Using nn.Dropout2d at eval() time (for modelling uncertainty)

Hello,

Backstory:

I’ve taken some inspiration from this post on the fast.ai forums:

to build in dropout at evaluation time as a way of attempting to measure the uncertainty of a prediction.

I also used this post as a basis for .apply()-ing a function at .eval() time:

The way I understand these techniques:

By applying dropout at evaluation time and running over many forward passes (10-100+), you get predictions from a variety of different models.

What you can then do with these predictions is measure how much they differ (get the .var() of your 100 different samples).

With this difference, you can then see what samples the model is ‘uncertain’ about (the ones with high variance).

Use case example:

Uber seems to be using this technique for some of their predictions: https://eng.uber.com/tag/monte-carlo-dropout/

My main question (more of a sound check…):

I’ve put together an example pipeline using MNIST but I’m unsure of some of the custom functions I’ve created/taken from code examples online.

Has anyone had experience with Monte Carlo Dropout or another method of measuring uncertainty they can share?

My code (critiques/advice welcome):

# Create function to apply to model at eval() time
def apply_dropout(m):
    if type(m) == nn.Dropout2d:
        m.train()

# Func to predict MNIST class
def predict_class(model, X):
    model = model.eval()
    model.apply(apply_dropout) # apply dropout at pred time (see func above)
    outputs = model(Variable(X))
    #print(outputs)
    _, pred = torch.max(outputs.data, 1)
    return pred.numpy()

# Run for T times and get list_of_preds for measuring variance
def predict(model, X, T=100):
    list_of_preds = []
    standard_pred=predict_class(model, X)
    y1 = []
    y2 = []
    for _ in range(T):
        _y1 = model(Variable(X))
        _y2 = F.softmax(_y1, dim=1)
        y1.append(_y1.data.numpy())
        y2.append(_y2.data.numpy())
        list_of_preds.append(predict_class(model, X)) # predict T times
    return standard_pred, np.array(y1), np.array(y2), np.array(list_of_preds)
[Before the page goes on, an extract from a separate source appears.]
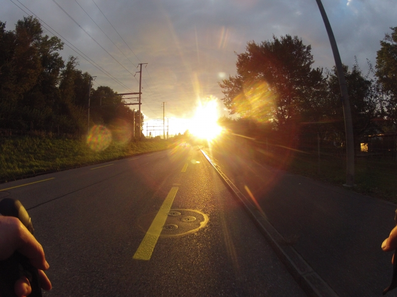 Erst auf den letzten Kilometern, und erst noch für nur einen kurzen Augenblick, schaute die Sonne zwischen den Wolkenbänken einen Moment lang herunter.
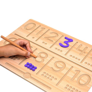 تم تصميمها وفق منهج مونتيسوري لتعزيز المهارات الحسية والحركية من خلال تتبع الأرقام باستخدام القلم الخشبي المرفق أو بأطراف الأصابع او يمكن استخدام اي نوع من الحبوب او الخرز او الصلصال.

Your code looks fine to me. I tried a similar implementation on a different data set. I did see some variation in the prediction for in-class samples, but virtually nothing in the prediction for out-of-class samples. My network also used batch norm. However, when I put the whole model in the training mode, I observed significant variations in the predictions for both in-class samples and out-of-class samples, but the prediction accuracy for in-class samples were very low. What was your observation from your experiments – even if just on in-class samples will be interesting to me?